## [TASK DESCRIPTION]
Reproduce only the lines of the material below that start at the line containing "本項目位于福建省福清市,由萬" and stop at the line containing "Para consultar a". Keep both end lines.

## [SUPPLIED MATERIAL]
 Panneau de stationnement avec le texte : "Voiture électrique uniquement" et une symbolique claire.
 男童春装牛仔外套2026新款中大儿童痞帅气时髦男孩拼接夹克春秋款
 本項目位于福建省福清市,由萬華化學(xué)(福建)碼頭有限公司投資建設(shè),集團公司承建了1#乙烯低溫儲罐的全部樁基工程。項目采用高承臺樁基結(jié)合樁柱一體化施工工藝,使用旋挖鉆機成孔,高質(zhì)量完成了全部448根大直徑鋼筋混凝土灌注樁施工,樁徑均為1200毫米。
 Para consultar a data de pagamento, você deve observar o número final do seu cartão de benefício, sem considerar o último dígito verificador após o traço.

==

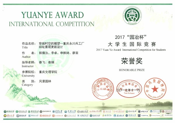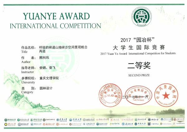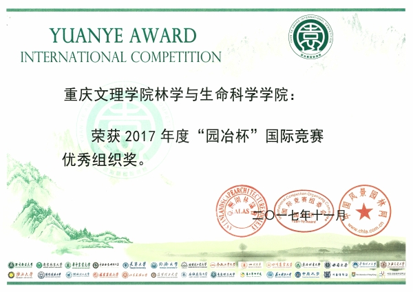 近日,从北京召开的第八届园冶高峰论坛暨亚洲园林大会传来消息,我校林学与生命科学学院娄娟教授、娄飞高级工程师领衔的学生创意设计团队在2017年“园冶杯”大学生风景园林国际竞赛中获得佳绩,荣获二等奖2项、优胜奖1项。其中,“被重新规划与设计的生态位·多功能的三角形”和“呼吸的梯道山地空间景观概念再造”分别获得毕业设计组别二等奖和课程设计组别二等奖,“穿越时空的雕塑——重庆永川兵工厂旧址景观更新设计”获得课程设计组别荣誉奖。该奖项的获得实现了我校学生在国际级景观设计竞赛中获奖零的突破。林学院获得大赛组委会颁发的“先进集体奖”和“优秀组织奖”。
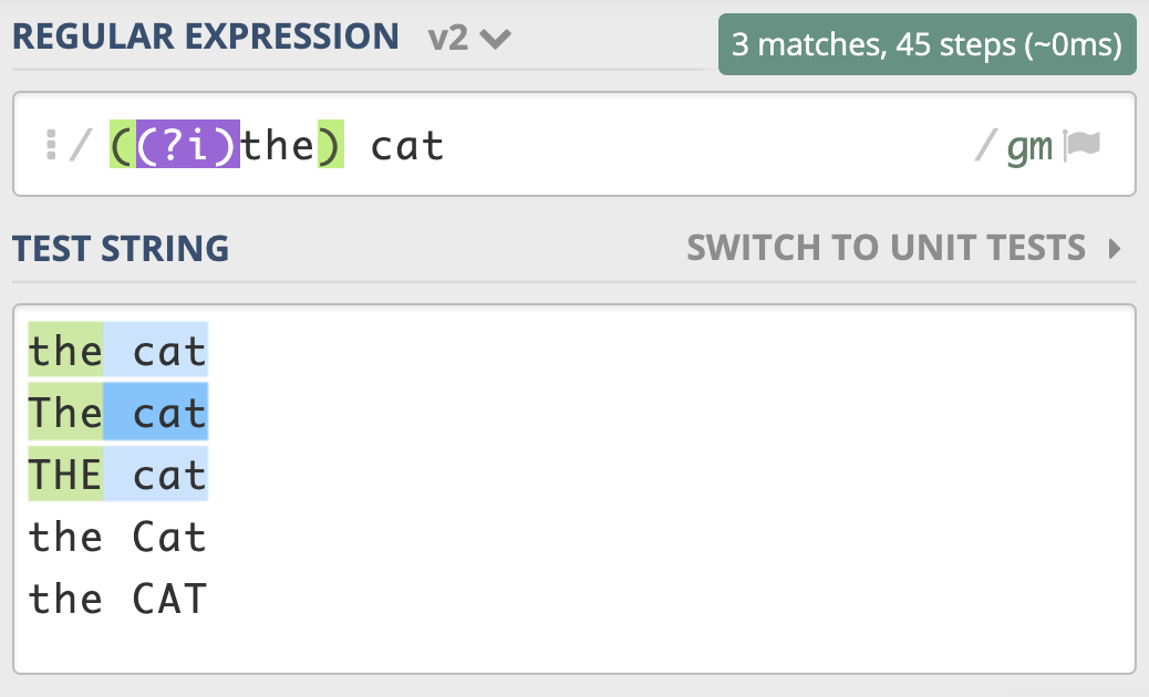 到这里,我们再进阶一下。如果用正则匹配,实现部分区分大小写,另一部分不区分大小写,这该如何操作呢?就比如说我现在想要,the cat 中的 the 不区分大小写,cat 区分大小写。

* * *

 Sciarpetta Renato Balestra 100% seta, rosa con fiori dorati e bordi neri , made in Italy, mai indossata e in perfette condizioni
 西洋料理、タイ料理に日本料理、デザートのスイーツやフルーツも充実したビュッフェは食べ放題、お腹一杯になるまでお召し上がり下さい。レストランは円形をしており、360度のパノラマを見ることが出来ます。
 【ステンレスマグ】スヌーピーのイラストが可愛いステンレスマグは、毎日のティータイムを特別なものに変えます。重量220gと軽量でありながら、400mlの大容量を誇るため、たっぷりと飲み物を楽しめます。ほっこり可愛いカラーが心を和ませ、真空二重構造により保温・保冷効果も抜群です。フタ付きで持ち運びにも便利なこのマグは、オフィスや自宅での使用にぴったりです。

## [RESULT FOR THIS EXERCISE]
 本項目位于福建省福清市,由萬華化學(xué)(福建)碼頭有限公司投資建設(shè),集團公司承建了1#乙烯低溫儲罐的全部樁基工程。項目采用高承臺樁基結(jié)合樁柱一體化施工工藝,使用旋挖鉆機成孔,高質(zhì)量完成了全部448根大直徑鋼筋混凝土灌注樁施工,樁徑均為1200毫米。
 Para consultar a data de pagamento, você deve observar o número final do seu cartão de benefício, sem considerar o último dígito verificador após o traço.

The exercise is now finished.